== Data for the task ==
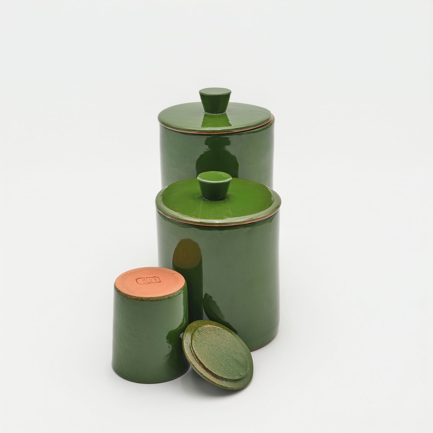Glazed ceramic jar with a lid, perfect for hiding all sorts of treats.
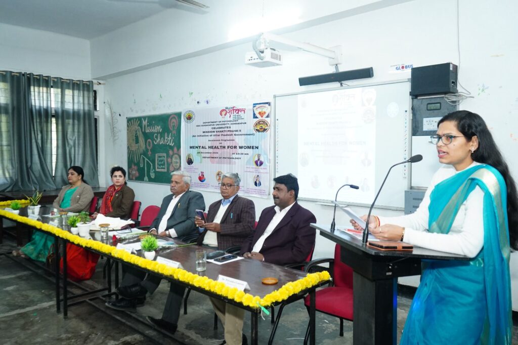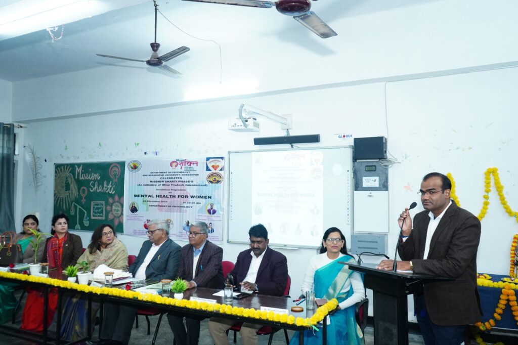 गोरखपुर : मनोविज्ञान विभाग में “महिला एवं मानसिक स्वास्थ्य” विषय पर व्यख्यान का आयोजन मनोविज्ञान विभाग,दीन दयाल उपाध्याय गोरखपुर विश्वविद्यालय, गोरखपुर और मिशन शक्ति फेस 5 के संयुक्त तत्वावधान में 16 दिसम्बर 2024 को “महिला एवं मानसिक स्वास्थ्य” विषय पर व्यख्यान का आयोजन किया गया।
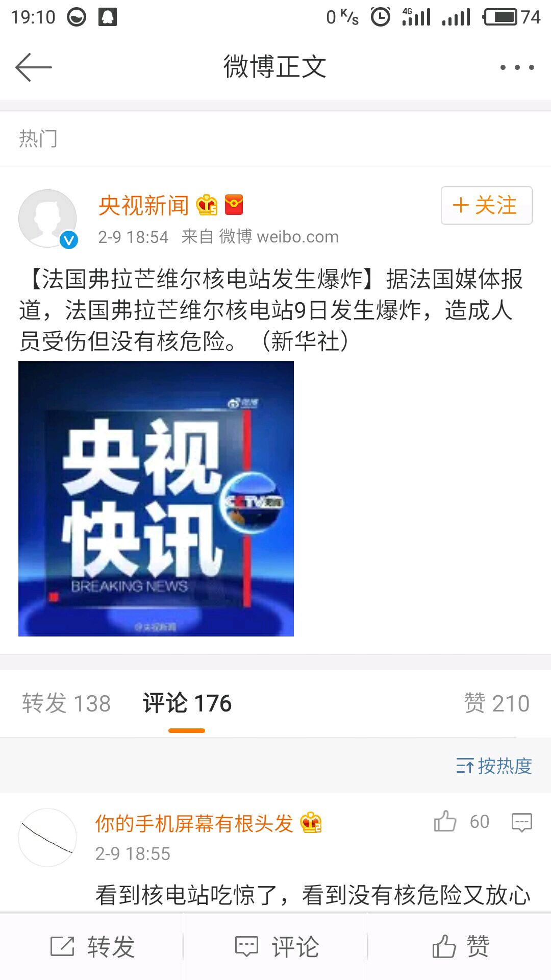 [cp]【法国弗拉芒维尔核电站发生爆炸】据法国媒体报道,法国弗拉芒维尔核电站9日发生爆炸,造成人员受伤但没有核危险。(新华社) [/cp]
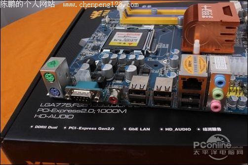 扩展部分,翔升凌志P43T主板提供了1条PCI-E x16显卡插槽,提供了2个PCI-E x1插槽和2条PCI插槽,扩展能力不错。
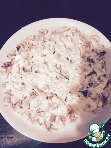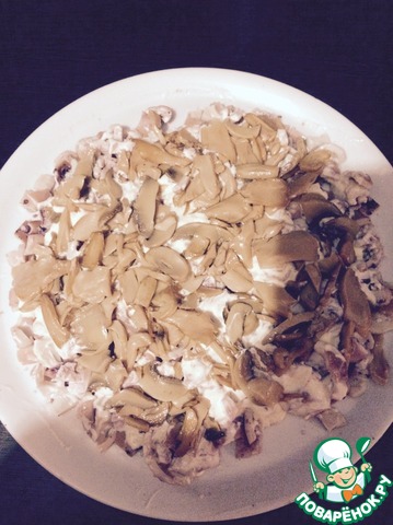 Вторым слоем выложить обжаренные грибы. Смазать майонезом.

== What you need to do ==
Leave out the pictures, then return every line of the data exactly.

== Answer area ==
Glazed ceramic jar with a lid, perfect for hiding all sorts of treats.
 गोरखपुर : मनोविज्ञान विभाग में “महिला एवं मानसिक स्वास्थ्य” विषय पर व्यख्यान का आयोजन मनोविज्ञान विभाग,दीन दयाल उपाध्याय गोरखपुर विश्वविद्यालय, गोरखपुर और मिशन शक्ति फेस 5 के संयुक्त तत्वावधान में 16 दिसम्बर 2024 को “महिला एवं मानसिक स्वास्थ्य” विषय पर व्यख्यान का आयोजन किया गया।
 [cp]【法国弗拉芒维尔核电站发生爆炸】据法国媒体报道,法国弗拉芒维尔核电站9日发生爆炸,造成人员受伤但没有核危险。(新华社) [/cp]
 扩展部分,翔升凌志P43T主板提供了1条PCI-E x16显卡插槽,提供了2个PCI-E x1插槽和2条PCI插槽,扩展能力不错。
 Вторым слоем выложить обжаренные грибы. Смазать майонезом.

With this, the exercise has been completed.